▶ [Data provided]
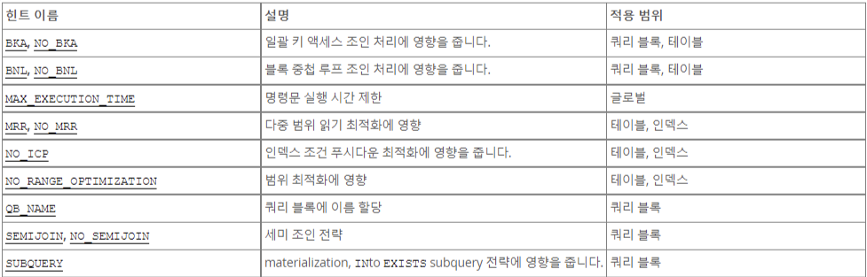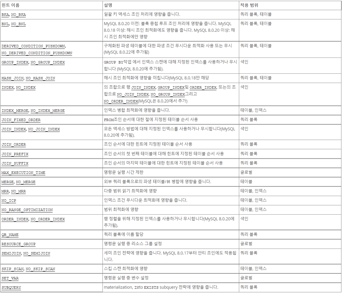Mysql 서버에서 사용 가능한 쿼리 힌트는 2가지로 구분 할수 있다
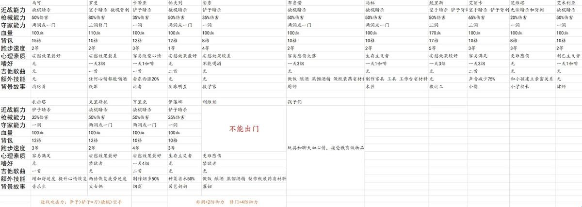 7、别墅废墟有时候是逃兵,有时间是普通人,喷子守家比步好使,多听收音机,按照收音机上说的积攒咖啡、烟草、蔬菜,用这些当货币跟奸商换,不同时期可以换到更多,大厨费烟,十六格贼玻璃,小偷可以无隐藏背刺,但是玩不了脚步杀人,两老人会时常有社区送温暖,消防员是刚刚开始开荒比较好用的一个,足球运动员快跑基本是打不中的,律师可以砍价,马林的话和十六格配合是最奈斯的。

* * *

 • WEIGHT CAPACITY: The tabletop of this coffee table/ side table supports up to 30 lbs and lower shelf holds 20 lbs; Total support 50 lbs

* * *

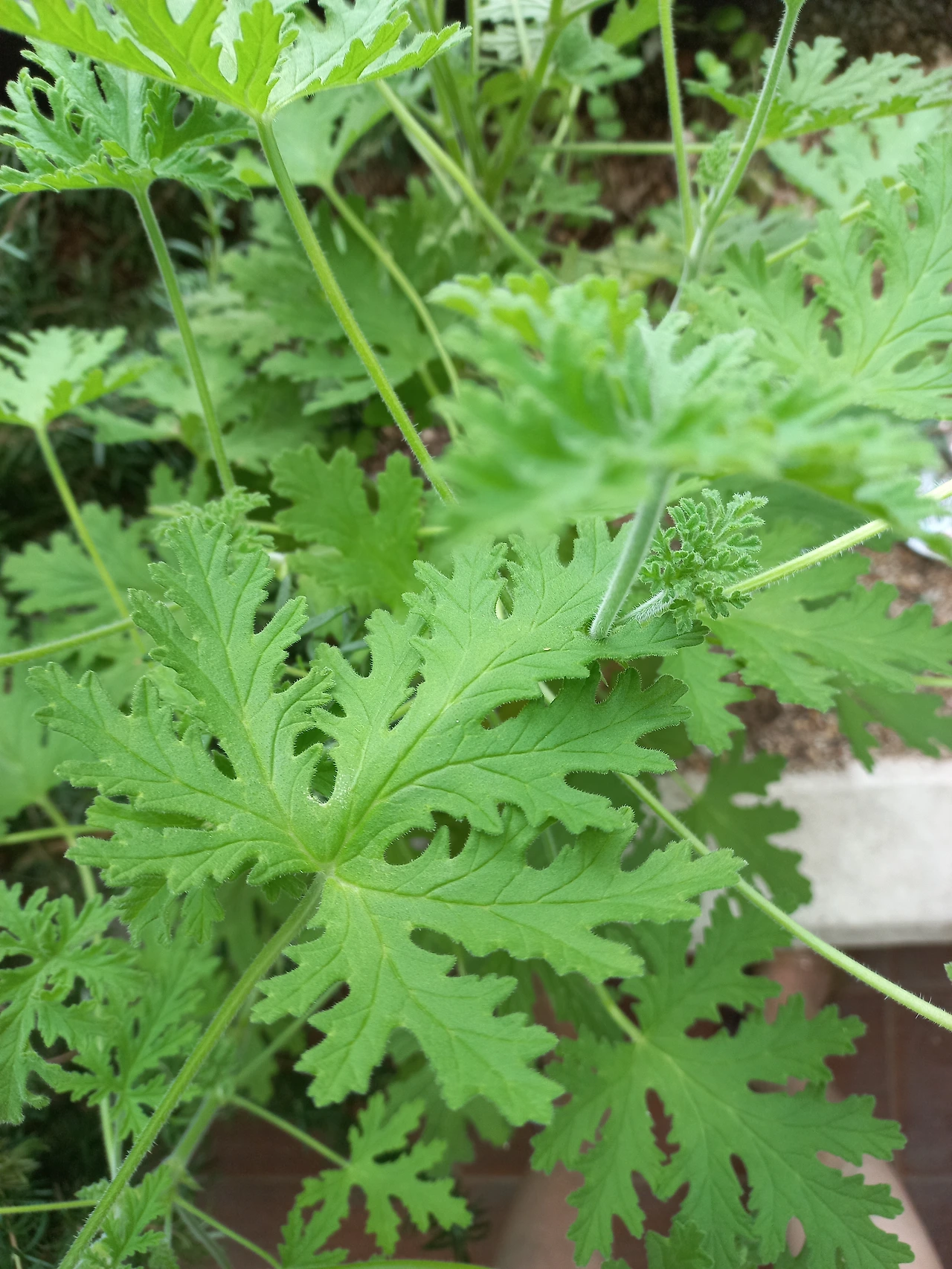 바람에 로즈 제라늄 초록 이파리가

▶ [What is required] All pictures are to be skipped. Output, word for word, the lines in the data above starting at the line containing "Mysql 서버에서 사용 가능한 쿼리 힌트는 2가지로 구분 할수 있다" and ending at the line containing "7、别墅废墟有时候是逃兵,有".

▶ [Exercise output]
Mysql 서버에서 사용 가능한 쿼리 힌트는 2가지로 구분 할수 있다
 7、别墅废墟有时候是逃兵,有时间是普通人,喷子守家比步好使,多听收音机,按照收音机上说的积攒咖啡、烟草、蔬菜,用这些当货币跟奸商换,不同时期可以换到更多,大厨费烟,十六格贼玻璃,小偷可以无隐藏背刺,但是玩不了脚步杀人,两老人会时常有社区送温暖,消防员是刚刚开始开荒比较好用的一个,足球运动员快跑基本是打不中的,律师可以砍价,马林的话和十六格配合是最奈斯的。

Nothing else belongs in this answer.